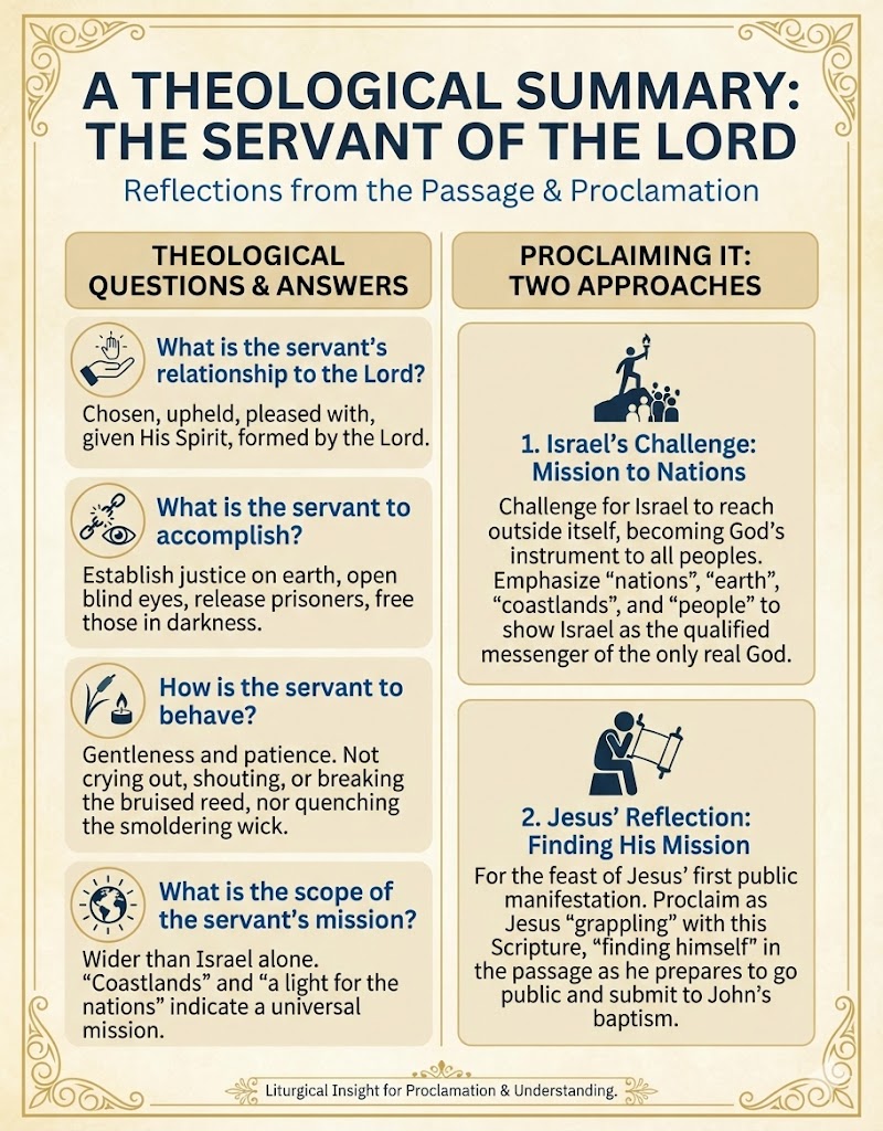 Proclaiming It Another Way: Secondly, since this is the feast of the first public manifestation of the mission of the adult Jesus, the lector might try to "get into Jesus' head" as he grappled with this passage in his own heart. Don't assume that Jesus knew the future in detail, and always had a clear career-path in mind. After all, he indisputably submitted to John's baptism. Ask how Jesus "found himself" in this Scripture passage. You might proclaim it as if you were Jesus reading it aloud to himself and mulling it over as he prepares to go public.
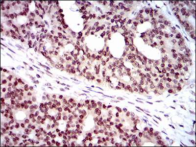 Immunohistochemical analsis of oaraffn-embedded ovariar cancer tissues using WHSC2 mouse mAb with DAB staining.
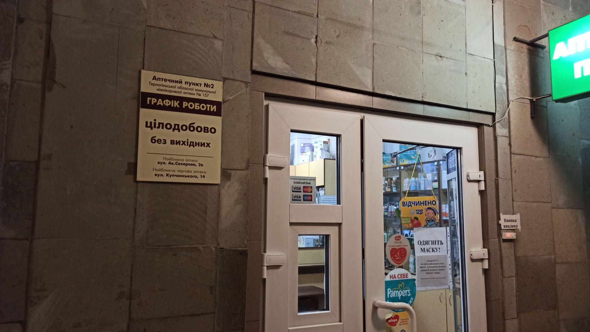 Адреса: вул. Сахарова, 2 (всередині КНП «Тернопільська обласна дитяча клінічна лікарня»). Аптека №157, що міститься в обласній дитячій лікарні, стала цілодобовою з 25 лютого, у зв’язку з подіями в Україні. Вхід в аптеку – через приймальне відділення лікарні, хоча саме її приміщення розташоване всередині лікарняного двору. Ця аптека дійсно працює цілодобово, без вихідних, однак на дверях аптечного пункту №2 висить аркуш з інформацією: «Аптека №157 на період військового стану працює для надання екстреної допомоги на вимогу дитячої обласної лікарні».
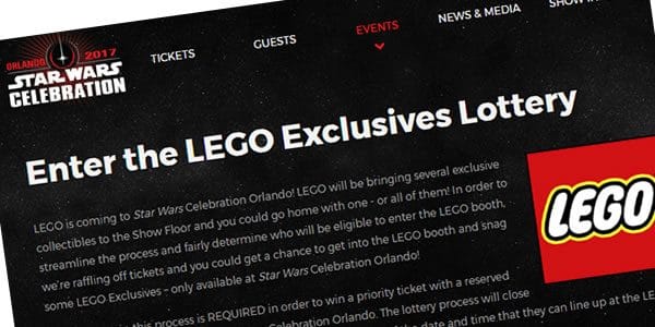 LEGO ne vient pas les mains vides et a manifestement prévu quelques produit exclusifs (...LEGO is coming to Star Wars Celebration Orlando! LEGO will be bringing several exclusive collectibles to the Show Floor...) qui seront vendus uniquement à ceux qui auront décroché un ticket via la loterie en ligne proposée pour l'occasion.
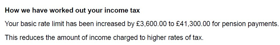 But don't forget that pension contributions reduce the amount of tax paid at 40%I make annual £3,600 gross contributions and it increases my basic rate band by that gross contribution. So £37,700 becomes £41,300This effectively raises the higher rate threshold by £3,600 from £50,270 to £53,870 (or £41,300 + £12,570) which will easily cover your £52,560 (£49,500 + £2,700 £3,060). In fact you'll have more BR headroom at £1,310. So it's worth doing
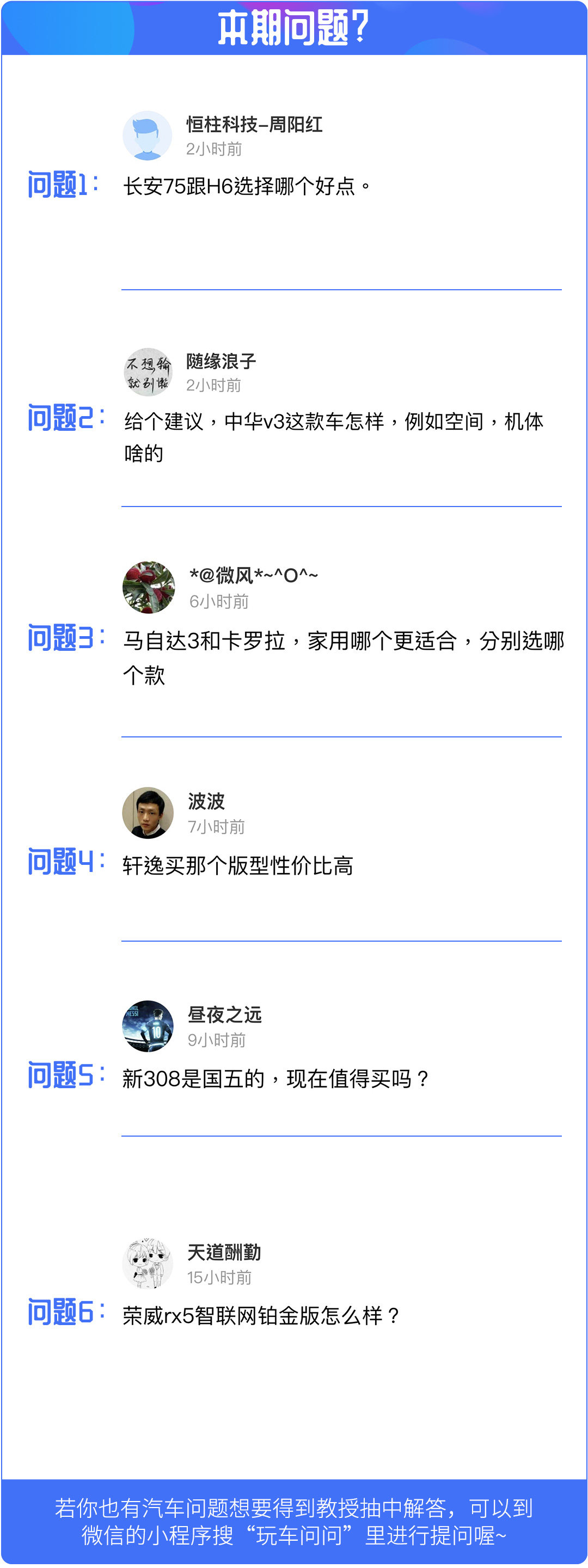 在网友问答栏目中教授将会在小程序-玩车问问里挑选6个问题进行回复,如果对购车、用车有什么疑问的话,欢迎点击下方玩车问问小程序,有许许多多非常厉害的技师为你解答喔!
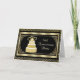Invitation à la fête d'anniversaire de mariage de 50 ans. Une carte magnifique en noir et or avec un gâteau doré surmonté de cœurs et un encadrement orné.
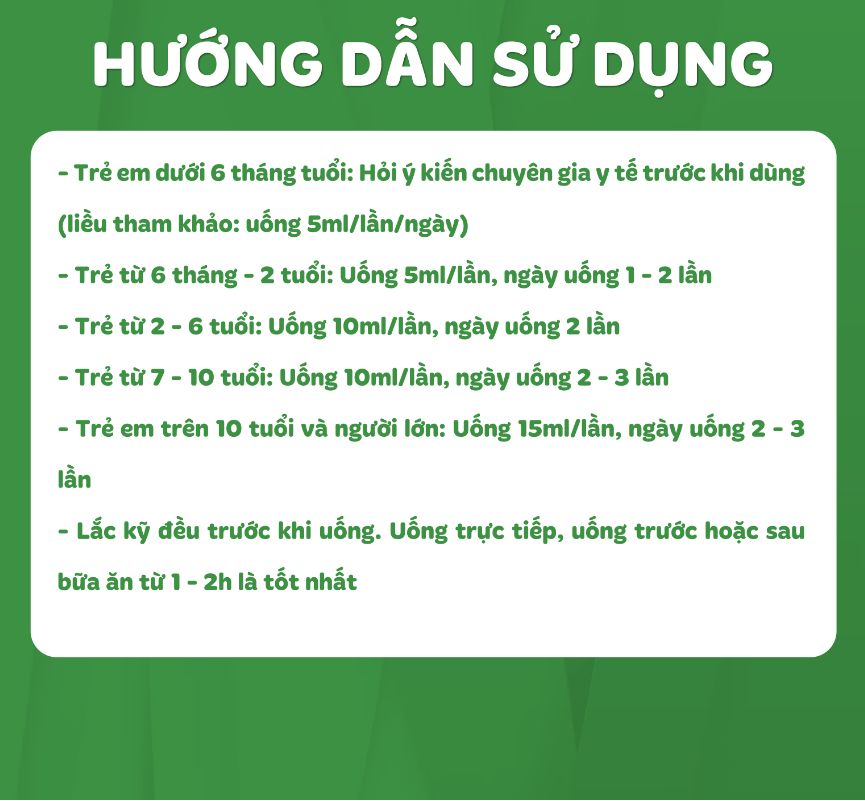 Trẻ từ 6 tháng - 2 tuổi: Uống 5ml/lần, ngày uống 1-2 lần.
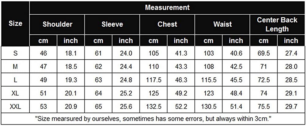 - NOTE: To ensure your best fit size,please check the size information carefully to make sure your measurement before ordering
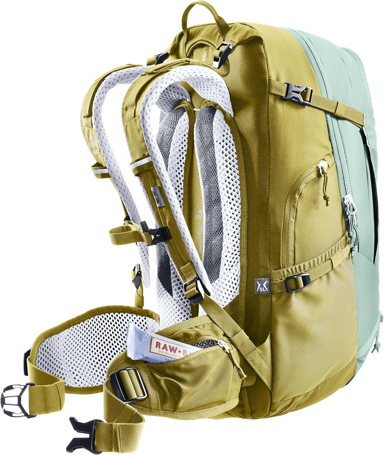 The Trans Alpine is for mountain bikers who are looking for a secure-fitting multi-day backpack with comfortable back ventilation and clever storage options. Thanks to the main material made from recycled materials and environmentally friendly, resource-saving components, the bluesign product meets the Green Button requirement and is also climate-neutral, PFAS-free and thus makes a clear statement in terms of sustainability. Thanks to years of experience and constant further development, the space miracle is one of the most sophisticated products on the market and is often the first choice for crossing the Alps by mountain bike. The well thought-out compartment divisions, such as tool and pump compartments, the functional front pocket, in which the helmet is also safely stowed, and the subdivisible main compartment provide the ideal organisation and quick access that you want on multi-day tours. The air-permeable Airstripes back system guarantees good ventilation of the back and sits compactly on the body even on sporty trails. In addition, the chest strap and ventilated hip fins keep the pack optimally in position, even when the going gets rough.
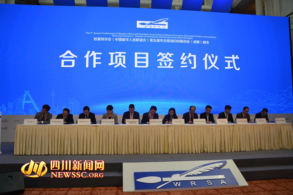 四川新闻网成都10月18日讯(记者 陈淋 摄影报道)10月18日上午,欧美同学会(中国留学人员联谊会)第五届年会暨海归创新创业(成都)峰会举行。会上,欧美同学会(中国留学人员联谊会)与四川省人民政府签署战略合作框架协议。四川新闻网记者从会议现场获悉,经过前期的深入对接和洽谈,与会各方代表还与四川省相关市(州)共签约合作项目53个,总投资额301.6亿元。其中,一产业项目3个,投资金额5.55亿元;二产业项目25个,投资金额114.05亿元;三产业项目25个,投资金额182亿元。
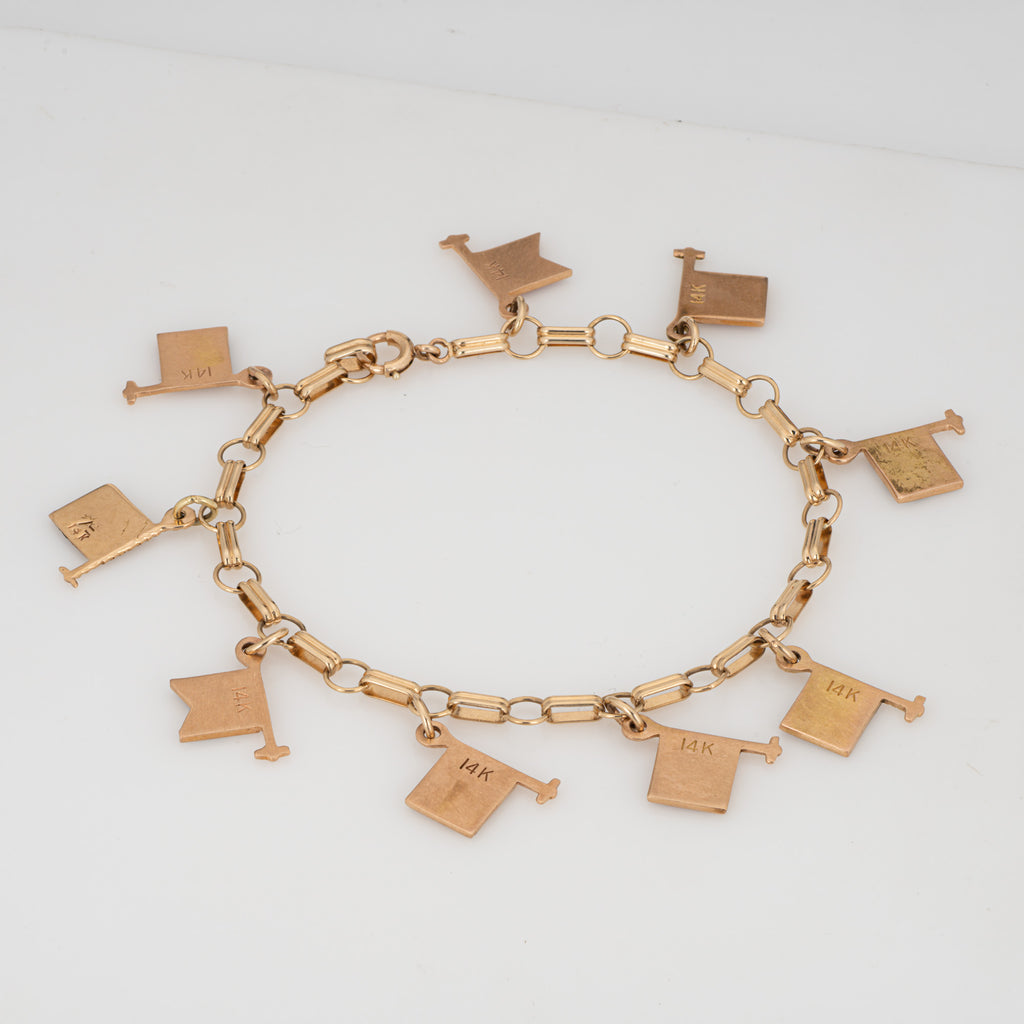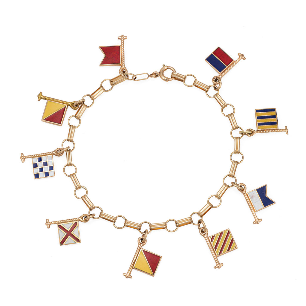 Vintage Nautical Flags Enamel Charm Bracelet 14k Yellow Gold Bon Voyage Jewelry
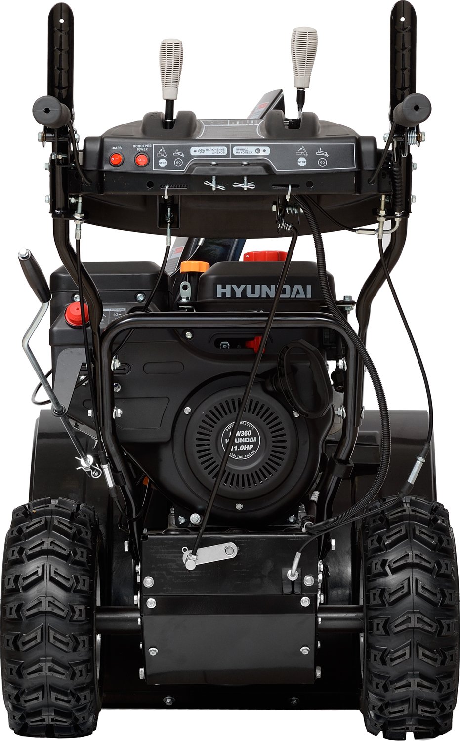 Снегоуборочная машина Хендай оснащена бензиновым двигателем с воздушным охлаждением мощностью 11 л.с. и объемом 358 куб. см. Двигатели ICW400 в моделях Hyundai обеспечивают запуск при температуре до -30 °С, имеют ресурс более 20 моточасов, отличаются низким уровнем шума и расходом топлива АИ-92.

Work task: Do not include the images; transcribe the rest of the listing exactly.

Task output:
 Proclaiming It Another Way: Secondly, since this is the feast of the first public manifestation of the mission of the adult Jesus, the lector might try to "get into Jesus' head" as he grappled with this passage in his own heart. Don't assume that Jesus knew the future in detail, and always had a clear career-path in mind. After all, he indisputably submitted to John's baptism. Ask how Jesus "found himself" in this Scripture passage. You might proclaim it as if you were Jesus reading it aloud to himself and mulling it over as he prepares to go public.
 Immunohistochemical analsis of oaraffn-embedded ovariar cancer tissues using WHSC2 mouse mAb with DAB staining.
 Адреса: вул. Сахарова, 2 (всередині КНП «Тернопільська обласна дитяча клінічна лікарня»). Аптека №157, що міститься в обласній дитячій лікарні, стала цілодобовою з 25 лютого, у зв’язку з подіями в Україні. Вхід в аптеку – через приймальне відділення лікарні, хоча саме її приміщення розташоване всередині лікарняного двору. Ця аптека дійсно працює цілодобово, без вихідних, однак на дверях аптечного пункту №2 висить аркуш з інформацією: «Аптека №157 на період військового стану працює для надання екстреної допомоги на вимогу дитячої обласної лікарні».
 LEGO ne vient pas les mains vides et a manifestement prévu quelques produit exclusifs (...LEGO is coming to Star Wars Celebration Orlando! LEGO will be bringing several exclusive collectibles to the Show Floor...) qui seront vendus uniquement à ceux qui auront décroché un ticket via la loterie en ligne proposée pour l'occasion.
 But don't forget that pension contributions reduce the amount of tax paid at 40%I make annual £3,600 gross contributions and it increases my basic rate band by that gross contribution. So £37,700 becomes £41,300This effectively raises the higher rate threshold by £3,600 from £50,270 to £53,870 (or £41,300 + £12,570) which will easily cover your £52,560 (£49,500 + £2,700 £3,060). In fact you'll have more BR headroom at £1,310. So it's worth doing
 在网友问答栏目中教授将会在小程序-玩车问问里挑选6个问题进行回复,如果对购车、用车有什么疑问的话,欢迎点击下方玩车问问小程序,有许许多多非常厉害的技师为你解答喔!
Invitation à la fête d'anniversaire de mariage de 50 ans. Une carte magnifique en noir et or avec un gâteau doré surmonté de cœurs et un encadrement orné.
 Trẻ từ 6 tháng - 2 tuổi: Uống 5ml/lần, ngày uống 1-2 lần.
 - NOTE: To ensure your best fit size,please check the size information carefully to make sure your measurement before ordering
 The Trans Alpine is for mountain bikers who are looking for a secure-fitting multi-day backpack with comfortable back ventilation and clever storage options. Thanks to the main material made from recycled materials and environmentally friendly, resource-saving components, the bluesign product meets the Green Button requirement and is also climate-neutral, PFAS-free and thus makes a clear statement in terms of sustainability. Thanks to years of experience and constant further development, the space miracle is one of the most sophisticated products on the market and is often the first choice for crossing the Alps by mountain bike. The well thought-out compartment divisions, such as tool and pump compartments, the functional front pocket, in which the helmet is also safely stowed, and the subdivisible main compartment provide the ideal organisation and quick access that you want on multi-day tours. The air-permeable Airstripes back system guarantees good ventilation of the back and sits compactly on the body even on sporty trails. In addition, the chest strap and ventilated hip fins keep the pack optimally in position, even when the going gets rough.
 四川新闻网成都10月18日讯(记者 陈淋 摄影报道)10月18日上午,欧美同学会(中国留学人员联谊会)第五届年会暨海归创新创业(成都)峰会举行。会上,欧美同学会(中国留学人员联谊会)与四川省人民政府签署战略合作框架协议。四川新闻网记者从会议现场获悉,经过前期的深入对接和洽谈,与会各方代表还与四川省相关市(州)共签约合作项目53个,总投资额301.6亿元。其中,一产业项目3个,投资金额5.55亿元;二产业项目25个,投资金额114.05亿元;三产业项目25个,投资金额182亿元。
 Vintage Nautical Flags Enamel Charm Bracelet 14k Yellow Gold Bon Voyage Jewelry
 Снегоуборочная машина Хендай оснащена бензиновым двигателем с воздушным охлаждением мощностью 11 л.с. и объемом 358 куб. см. Двигатели ICW400 в моделях Hyundai обеспечивают запуск при температуре до -30 °С, имеют ресурс более 20 моточасов, отличаются низким уровнем шума и расходом топлива АИ-92.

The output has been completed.